**Work request**
The records should be repeated word for word, pictures excluded.

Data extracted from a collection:
- - - -
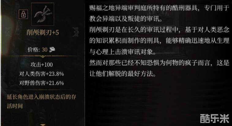 这把武器是赐福之地的酷刑器具的原型,效果是能增加100的攻击力,同时对人类有额外的23.8%的伤害,以及对野兽也有21.6%的额外伤害。特殊的作用是可以延长角色进入崩溃状态后的存活时间。
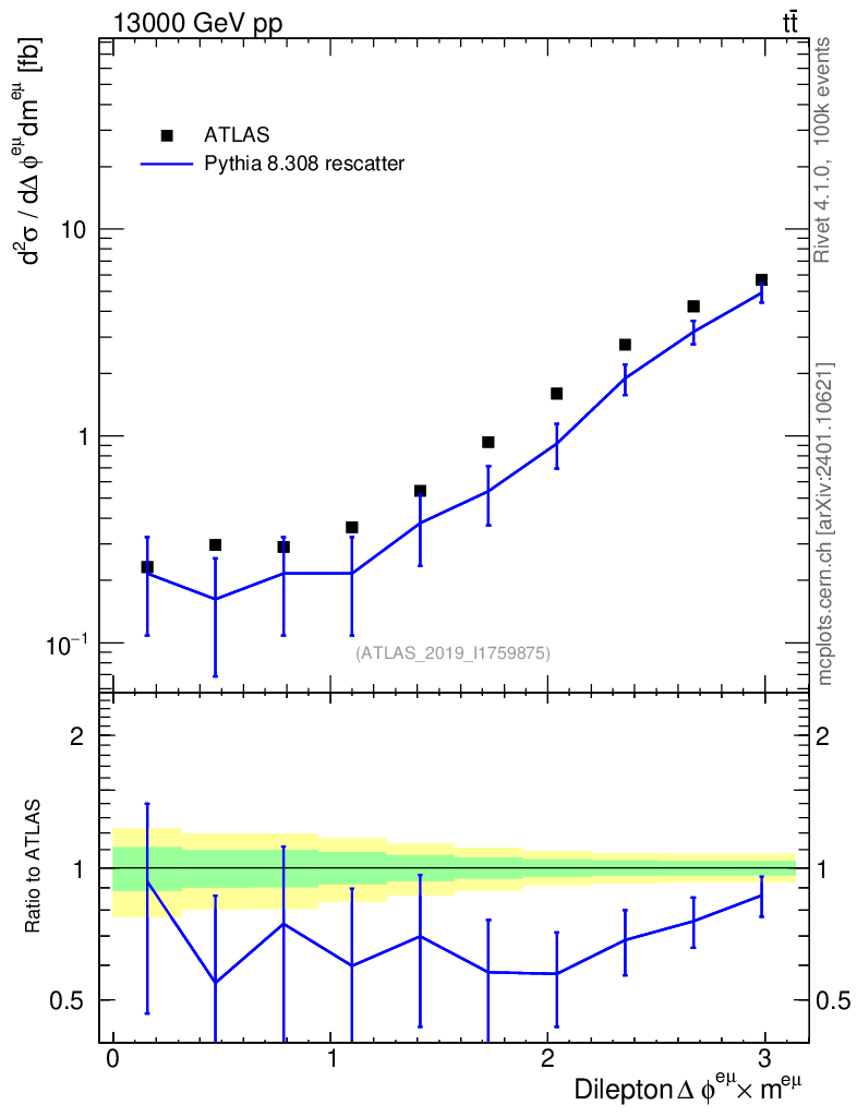 Lines: data, pythia8 8.308 rescatter |
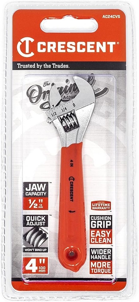 Crescent adjustable cushion grip wrenches feature a durable, comfortable, plastic grip on the wide handle. A large knurl allows for easy adjustment and a tight-fitting hex jaw design reduces slippage and tightly grips the fastener for solid, secure operation. The corrosion-resistant chrome finish helps prevent rust
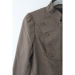 The Limited Brown Womens Mock Neck Cropped Button Zip-up Tweed Blazer XS
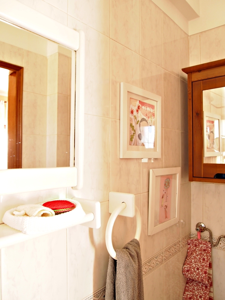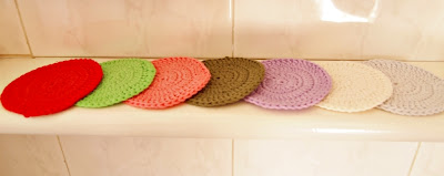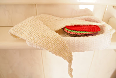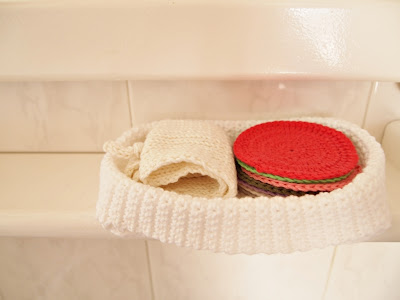 A minha amiga e colega geóloga Ana faz coisas muitas giras em crochet (por exemplo, o pequeno cesto branco que está na primeira foto deste post foi ela que fez). Ontem, recebi um conjunto de sete discos para limpeza facial, uma fita para o cabelo e uma daquelas redinhas para a máquina de lavar roupa, tudo muito bem organizado dentro de um pequeno cesto que cabe perfeitamente na minha pequena prateleira da casa de banho. Está o máximo, não acham?
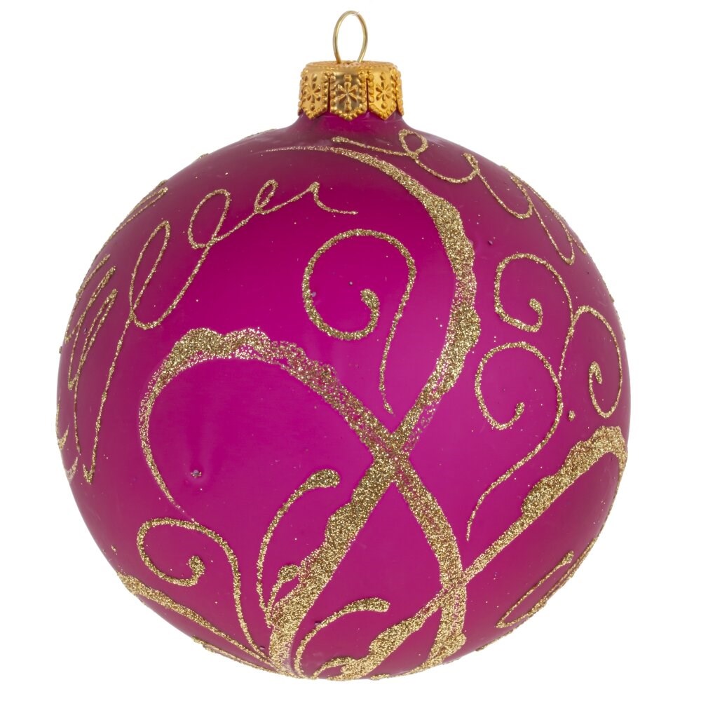 Вот готовое решение для украшения Вашей новогодней красавицы. Стеклянный шар фиолетового цвета, украшенный золотым узором, будет отлично смотреться на елочке .
- - - -
**Solution for this problem**
 这把武器是赐福之地的酷刑器具的原型,效果是能增加100的攻击力,同时对人类有额外的23.8%的伤害,以及对野兽也有21.6%的额外伤害。特殊的作用是可以延长角色进入崩溃状态后的存活时间。
 Lines: data, pythia8 8.308 rescatter |
 Crescent adjustable cushion grip wrenches feature a durable, comfortable, plastic grip on the wide handle. A large knurl allows for easy adjustment and a tight-fitting hex jaw design reduces slippage and tightly grips the fastener for solid, secure operation. The corrosion-resistant chrome finish helps prevent rust
 The Limited Brown Womens Mock Neck Cropped Button Zip-up Tweed Blazer XS
 A minha amiga e colega geóloga Ana faz coisas muitas giras em crochet (por exemplo, o pequeno cesto branco que está na primeira foto deste post foi ela que fez). Ontem, recebi um conjunto de sete discos para limpeza facial, uma fita para o cabelo e uma daquelas redinhas para a máquina de lavar roupa, tudo muito bem organizado dentro de um pequeno cesto que cabe perfeitamente na minha pequena prateleira da casa de banho. Está o máximo, não acham?
 Вот готовое решение для украшения Вашей новогодней красавицы. Стеклянный шар фиолетового цвета, украшенный золотым узором, будет отлично смотреться на елочке .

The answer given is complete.